Мы вошли в палату. Цигэнуш лежал на своей койке, закутанный в одеяло до подбородка. Он лежал словно придавленный страшной тяжестью только что перенесенного страдания и смотрел на нас в упор своими грозными и вместе с тем наивными, как у ребенка, черными глазами. На его неподвижном и белом, как бумага, лице блуждала слабая улыбка. Увидев нас, он сказал:

— Сигарету… Дайте мне настоящую сигарету из настоящего табака…

Медицинская сестра нахмурилась:

— Еще рано, товарищ. Потерпите.

Цигэнуш покорно согласился:

— Раз нельзя — подчиняюсь. — Он снова попробовал улыбнуться: — Вот я и дожил до того, что вынужден подчиняться медицинской сестре.

Я взял его за руку, и он подумал, что я хочу нащупать его пульс.

— Сердце? Не беспокойся. Оно меня не подведет. Сердце знает, что ему еще придется поработать. Оно не подведет… Но… мне жаль ноги…

Несмотря на предупреждение сестры, мы оставались у койки Цигэнуша целый час. Когда мы наконец собрались уходить, было уже около полуночи. Выйдя на улицу, Орош остановился и спросил:

— Неужели дождь прекратился?

Я обрадовался.

— Завтра будет солнце!

— Завтра, — сказал Орош, — нашим активистам будет легче разъезжать по селам…

Я думал о солнце, а он сразу же подумал о работе. По-видимому, я уже никогда не научусь мыслить, как Орош. А если это он все упрощает и ошибается? Нет, Орош не может ошибиться. За свои убеждения он сидел в тюрьмах, а человек, который прошел через тюрьму, не может ошибаться. Если он и ошибается, то это случается редко, очень редко. Так думали мы в первые послевоенные годы. Позднее мы убедились, что все не так просто. Помню, как старые товарищи упрекали меня.

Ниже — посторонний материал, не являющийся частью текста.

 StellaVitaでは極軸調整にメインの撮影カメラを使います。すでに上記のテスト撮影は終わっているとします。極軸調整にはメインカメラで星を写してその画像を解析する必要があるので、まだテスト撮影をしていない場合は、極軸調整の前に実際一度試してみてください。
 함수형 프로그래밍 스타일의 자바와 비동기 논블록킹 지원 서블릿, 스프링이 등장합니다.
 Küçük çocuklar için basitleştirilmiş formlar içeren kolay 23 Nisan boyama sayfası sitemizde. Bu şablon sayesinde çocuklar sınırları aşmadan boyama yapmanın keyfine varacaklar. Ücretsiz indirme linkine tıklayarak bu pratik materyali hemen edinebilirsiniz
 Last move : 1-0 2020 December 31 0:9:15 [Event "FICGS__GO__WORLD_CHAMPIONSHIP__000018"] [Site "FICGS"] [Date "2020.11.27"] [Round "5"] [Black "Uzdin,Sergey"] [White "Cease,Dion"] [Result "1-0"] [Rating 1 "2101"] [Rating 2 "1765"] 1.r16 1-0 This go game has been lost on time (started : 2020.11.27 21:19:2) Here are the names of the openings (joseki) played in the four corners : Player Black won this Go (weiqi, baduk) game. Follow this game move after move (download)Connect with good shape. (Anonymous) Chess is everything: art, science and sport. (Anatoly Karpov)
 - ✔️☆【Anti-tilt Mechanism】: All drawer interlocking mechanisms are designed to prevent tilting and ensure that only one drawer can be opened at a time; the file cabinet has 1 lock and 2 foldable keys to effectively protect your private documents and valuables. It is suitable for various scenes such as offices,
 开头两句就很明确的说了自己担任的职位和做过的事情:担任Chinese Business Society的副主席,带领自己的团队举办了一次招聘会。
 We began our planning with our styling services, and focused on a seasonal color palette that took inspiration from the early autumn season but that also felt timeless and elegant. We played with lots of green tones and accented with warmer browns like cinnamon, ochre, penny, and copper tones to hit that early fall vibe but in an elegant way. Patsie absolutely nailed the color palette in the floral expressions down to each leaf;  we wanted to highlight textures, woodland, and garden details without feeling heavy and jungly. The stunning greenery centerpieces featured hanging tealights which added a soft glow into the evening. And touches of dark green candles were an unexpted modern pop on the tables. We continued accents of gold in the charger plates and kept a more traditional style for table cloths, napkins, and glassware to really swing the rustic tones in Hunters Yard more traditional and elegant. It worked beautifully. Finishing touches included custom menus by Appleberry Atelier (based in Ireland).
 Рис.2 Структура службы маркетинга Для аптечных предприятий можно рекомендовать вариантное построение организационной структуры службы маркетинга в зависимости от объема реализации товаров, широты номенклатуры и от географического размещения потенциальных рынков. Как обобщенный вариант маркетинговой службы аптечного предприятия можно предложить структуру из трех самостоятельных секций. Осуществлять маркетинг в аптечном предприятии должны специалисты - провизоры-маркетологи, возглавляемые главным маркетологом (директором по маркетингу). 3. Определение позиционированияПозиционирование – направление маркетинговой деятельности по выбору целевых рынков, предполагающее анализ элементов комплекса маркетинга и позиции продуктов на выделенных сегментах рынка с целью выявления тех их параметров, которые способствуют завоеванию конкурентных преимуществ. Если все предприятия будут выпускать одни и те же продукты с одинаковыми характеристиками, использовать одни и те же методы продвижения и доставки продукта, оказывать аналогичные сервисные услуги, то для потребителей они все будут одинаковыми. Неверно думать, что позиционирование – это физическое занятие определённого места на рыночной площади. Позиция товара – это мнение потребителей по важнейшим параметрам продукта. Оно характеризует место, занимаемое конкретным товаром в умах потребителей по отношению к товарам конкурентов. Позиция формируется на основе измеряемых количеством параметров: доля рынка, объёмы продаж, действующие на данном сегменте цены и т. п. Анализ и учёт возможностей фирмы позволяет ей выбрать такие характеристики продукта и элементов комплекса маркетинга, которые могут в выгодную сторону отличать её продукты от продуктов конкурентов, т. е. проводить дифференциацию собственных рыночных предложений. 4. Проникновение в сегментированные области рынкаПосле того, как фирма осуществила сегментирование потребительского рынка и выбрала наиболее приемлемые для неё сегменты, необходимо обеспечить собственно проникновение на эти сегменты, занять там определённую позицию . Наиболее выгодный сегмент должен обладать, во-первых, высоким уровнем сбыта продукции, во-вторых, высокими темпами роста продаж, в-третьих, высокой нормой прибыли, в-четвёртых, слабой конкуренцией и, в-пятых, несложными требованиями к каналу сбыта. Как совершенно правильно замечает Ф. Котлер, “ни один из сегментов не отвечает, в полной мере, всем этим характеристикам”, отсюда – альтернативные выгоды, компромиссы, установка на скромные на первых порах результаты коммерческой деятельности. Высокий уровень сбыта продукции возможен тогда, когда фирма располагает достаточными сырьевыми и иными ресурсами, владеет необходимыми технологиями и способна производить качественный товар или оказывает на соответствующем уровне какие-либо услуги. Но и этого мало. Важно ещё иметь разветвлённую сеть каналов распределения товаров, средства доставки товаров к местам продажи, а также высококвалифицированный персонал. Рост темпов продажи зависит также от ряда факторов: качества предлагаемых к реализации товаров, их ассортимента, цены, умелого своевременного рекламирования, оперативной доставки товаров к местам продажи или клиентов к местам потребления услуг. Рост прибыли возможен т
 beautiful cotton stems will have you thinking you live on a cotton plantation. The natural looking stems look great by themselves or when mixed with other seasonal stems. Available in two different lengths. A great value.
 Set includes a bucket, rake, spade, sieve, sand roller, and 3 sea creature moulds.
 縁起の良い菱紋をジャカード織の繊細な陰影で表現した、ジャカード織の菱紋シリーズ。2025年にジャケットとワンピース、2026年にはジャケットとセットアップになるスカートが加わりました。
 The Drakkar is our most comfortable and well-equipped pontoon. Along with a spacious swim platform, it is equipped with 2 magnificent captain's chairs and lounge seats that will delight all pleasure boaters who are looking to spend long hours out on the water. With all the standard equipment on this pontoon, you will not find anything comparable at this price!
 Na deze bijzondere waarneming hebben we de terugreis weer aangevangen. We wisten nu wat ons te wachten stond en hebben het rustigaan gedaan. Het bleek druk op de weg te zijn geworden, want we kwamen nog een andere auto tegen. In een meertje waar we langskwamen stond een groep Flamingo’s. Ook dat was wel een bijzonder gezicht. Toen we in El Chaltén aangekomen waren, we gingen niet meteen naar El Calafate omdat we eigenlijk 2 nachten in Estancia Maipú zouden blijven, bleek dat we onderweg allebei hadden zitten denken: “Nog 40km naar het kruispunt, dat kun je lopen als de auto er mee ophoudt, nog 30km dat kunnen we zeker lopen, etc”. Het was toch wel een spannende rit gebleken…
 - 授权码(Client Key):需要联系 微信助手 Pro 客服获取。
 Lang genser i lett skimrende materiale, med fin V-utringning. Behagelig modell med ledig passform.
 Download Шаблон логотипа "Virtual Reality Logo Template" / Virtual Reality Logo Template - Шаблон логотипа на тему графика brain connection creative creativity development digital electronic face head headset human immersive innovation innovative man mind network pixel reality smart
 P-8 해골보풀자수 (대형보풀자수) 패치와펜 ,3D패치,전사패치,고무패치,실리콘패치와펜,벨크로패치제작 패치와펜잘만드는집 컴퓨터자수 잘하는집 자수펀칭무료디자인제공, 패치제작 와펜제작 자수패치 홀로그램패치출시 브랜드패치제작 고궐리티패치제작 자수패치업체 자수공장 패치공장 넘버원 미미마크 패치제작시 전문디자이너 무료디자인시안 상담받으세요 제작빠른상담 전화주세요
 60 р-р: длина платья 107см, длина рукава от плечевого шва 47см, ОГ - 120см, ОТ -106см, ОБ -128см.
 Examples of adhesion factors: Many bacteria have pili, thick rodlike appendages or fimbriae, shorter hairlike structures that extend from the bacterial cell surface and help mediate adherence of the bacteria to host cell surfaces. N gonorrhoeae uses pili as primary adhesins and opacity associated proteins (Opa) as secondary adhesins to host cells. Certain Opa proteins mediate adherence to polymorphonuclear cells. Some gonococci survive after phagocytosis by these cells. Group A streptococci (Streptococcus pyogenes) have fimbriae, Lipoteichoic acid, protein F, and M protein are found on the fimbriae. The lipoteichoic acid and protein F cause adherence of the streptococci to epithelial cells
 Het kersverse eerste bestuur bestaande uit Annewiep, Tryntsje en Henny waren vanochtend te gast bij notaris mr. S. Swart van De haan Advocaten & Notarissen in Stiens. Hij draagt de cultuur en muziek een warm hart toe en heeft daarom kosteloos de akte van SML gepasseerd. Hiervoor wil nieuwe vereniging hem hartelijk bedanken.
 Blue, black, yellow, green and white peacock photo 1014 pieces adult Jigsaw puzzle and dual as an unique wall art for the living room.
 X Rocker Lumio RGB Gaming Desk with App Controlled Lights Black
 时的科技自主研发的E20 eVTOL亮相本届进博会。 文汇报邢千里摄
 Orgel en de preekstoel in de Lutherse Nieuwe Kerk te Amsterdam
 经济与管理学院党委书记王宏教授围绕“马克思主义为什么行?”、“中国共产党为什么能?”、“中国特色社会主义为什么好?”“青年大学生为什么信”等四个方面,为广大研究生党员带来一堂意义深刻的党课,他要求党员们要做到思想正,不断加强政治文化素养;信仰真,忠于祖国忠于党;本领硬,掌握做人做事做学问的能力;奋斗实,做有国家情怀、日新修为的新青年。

— В то время как мы сидели по тюрьмам и мучились, ты был на свободе. Ты занимался журналистикой и писал стихи. Ты публиковал свои сочинения и получал за них гонорар. Сидел в кафе и ходил в театр. Обедал в хороших ресторанах. Знакомился с красивыми женщинами. Свободно разъезжал по стране, а иногда ездил и за границу. Иначе говоря, ты жил и наслаждался жизнью… В то время как мы…

— Я готов признаться во всех этих грехах, товарищ Бод. Но как мне загладить свою вину?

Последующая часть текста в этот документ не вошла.